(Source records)
....
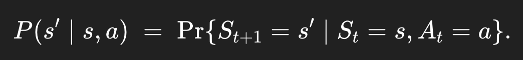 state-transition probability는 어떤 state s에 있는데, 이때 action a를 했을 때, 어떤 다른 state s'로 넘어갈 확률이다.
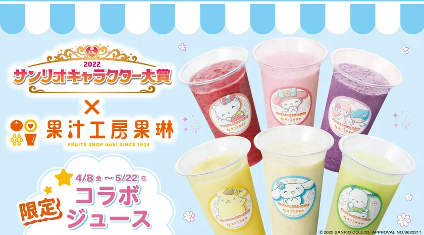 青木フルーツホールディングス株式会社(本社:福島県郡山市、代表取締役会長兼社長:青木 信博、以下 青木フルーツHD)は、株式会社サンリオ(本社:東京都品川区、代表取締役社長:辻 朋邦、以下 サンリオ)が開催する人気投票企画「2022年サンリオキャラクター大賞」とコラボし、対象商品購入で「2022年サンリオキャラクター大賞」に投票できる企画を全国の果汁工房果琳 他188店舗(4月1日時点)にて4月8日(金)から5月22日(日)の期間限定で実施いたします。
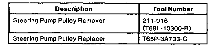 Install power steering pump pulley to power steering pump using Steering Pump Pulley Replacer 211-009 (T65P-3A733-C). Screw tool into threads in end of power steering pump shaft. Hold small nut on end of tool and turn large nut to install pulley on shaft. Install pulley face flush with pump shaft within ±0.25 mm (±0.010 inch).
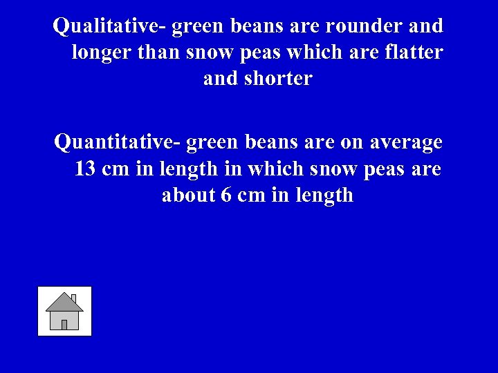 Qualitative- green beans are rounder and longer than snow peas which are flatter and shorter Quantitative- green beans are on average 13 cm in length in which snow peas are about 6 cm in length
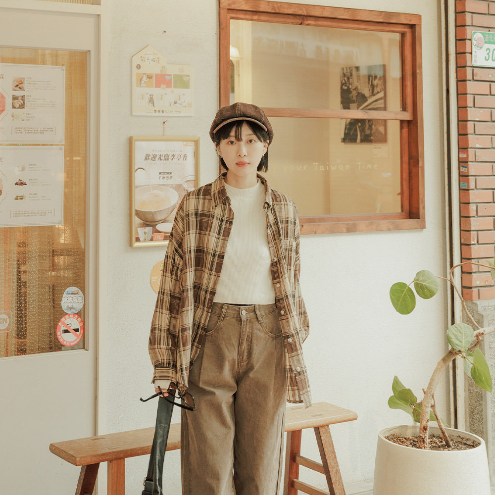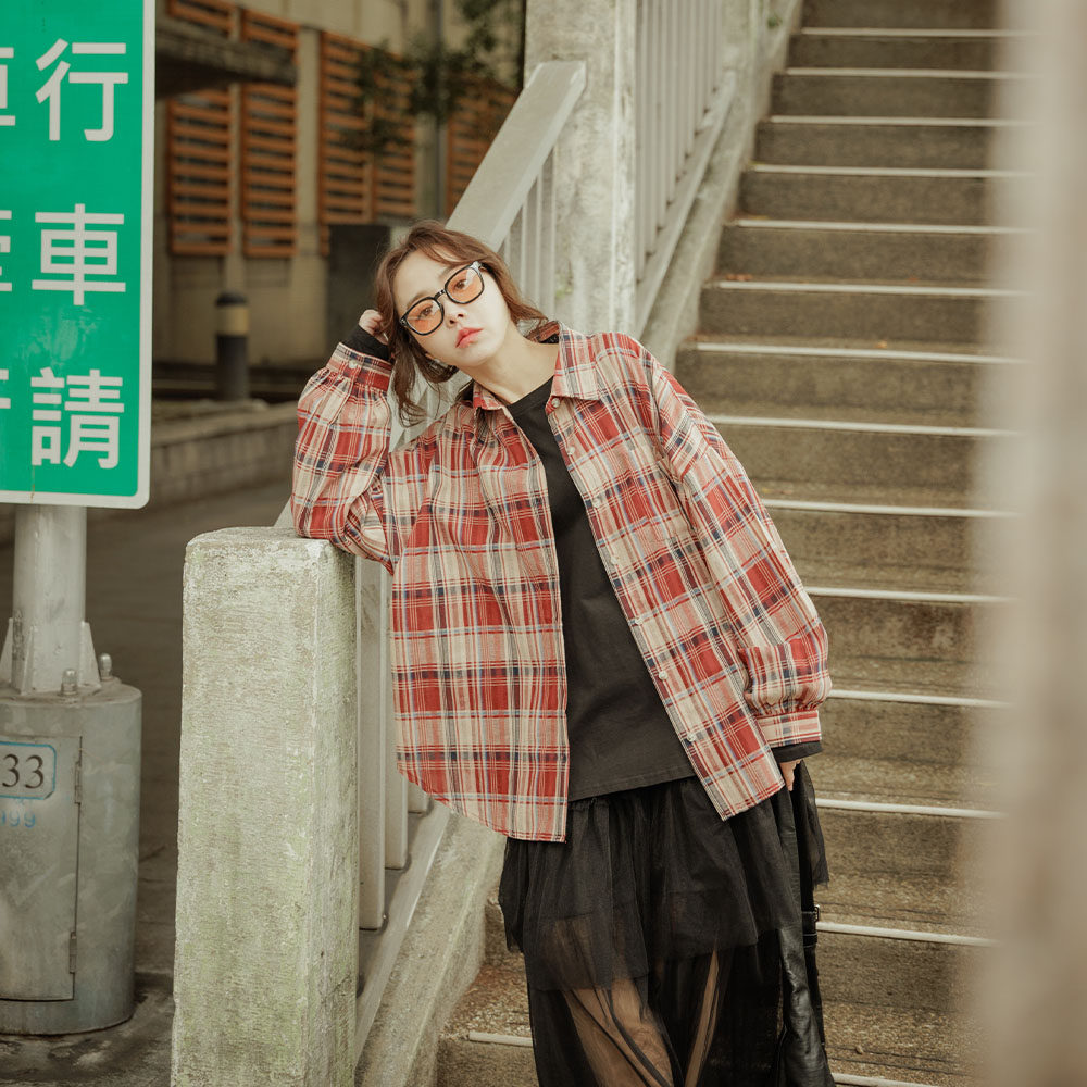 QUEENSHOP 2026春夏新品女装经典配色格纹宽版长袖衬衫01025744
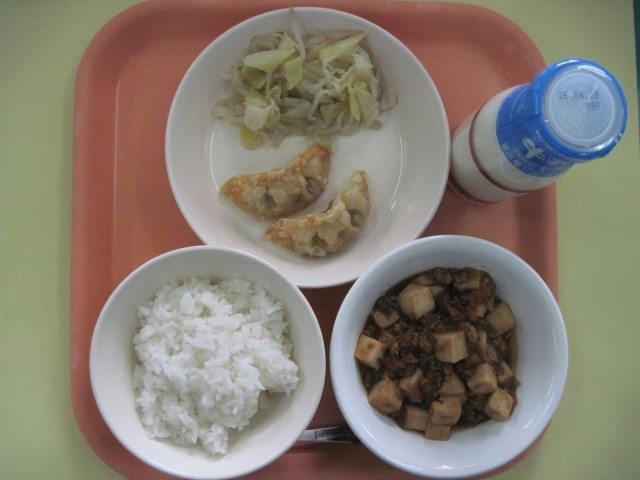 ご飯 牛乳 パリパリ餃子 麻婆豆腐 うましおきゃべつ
....
Could you set down, exactly as written, every line from the one with "Qualitative- green beans" to the end of the data, both ends included? Leave out the pictures.

 Qualitative- green beans are rounder and longer than snow peas which are flatter and shorter Quantitative- green beans are on average 13 cm in length in which snow peas are about 6 cm in length
 QUEENSHOP 2026春夏新品女装经典配色格纹宽版长袖衬衫01025744
 ご飯 牛乳 パリパリ餃子 麻婆豆腐 うましおきゃべつ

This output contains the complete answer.